A teenage girl was pulled to safety after spending 58 hours buried alive under rubble following a devastating earthquake in Turkey.
The unnamed 14-year-old was discovered by rescuers in the city of Izmir on the Aegean coast under the ruins of the Emrah building, which collapsed in the 7.0 magnitude quake.
Footage from the scene shows rescuers applauding as the girl is carried to an ambulance.
Dozens of people, many fellow rescuers, crowd around the large crater to watch as the patient, wrapped in gold foil, is carried through on a stretcher.
It comes after Ahmet Citim, 70, was rescued after 33 hours.
Turkish authorities reported more deaths on Sunday, bringing the toll to 62, all in Izmir, while two teenagers died on the Greek island of Samos.

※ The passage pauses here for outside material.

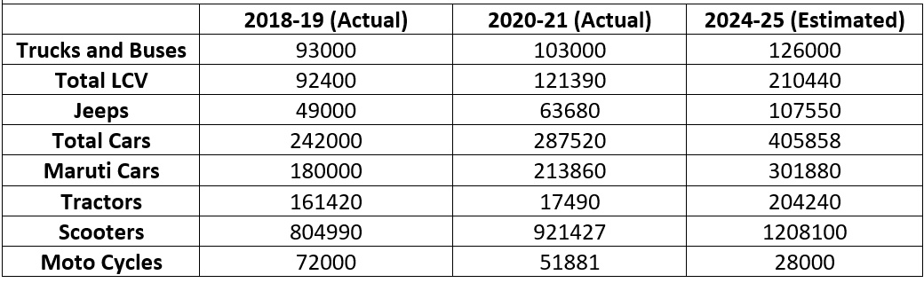 5. What is the approximate estimated growth (in percentage terms) in the production of scooters and motor cycles between 2020-21 and 2024-25 ?

Citim, was rescued from one of 20 residential buildings destroyed in Izmir’s Bayrakli district, a former shantytown where older buildings vulnerable to earthquakes were being replaced by newer construction projects.
Television images showed that the collapsed buildings were older ones.
Rescue and emergency teams have been working through the wrecked buildings for two days and President Tayyip Erdogan said his government was “determined to heal the wounds of our brothers and sisters in Izmir before the cold and rains begin.”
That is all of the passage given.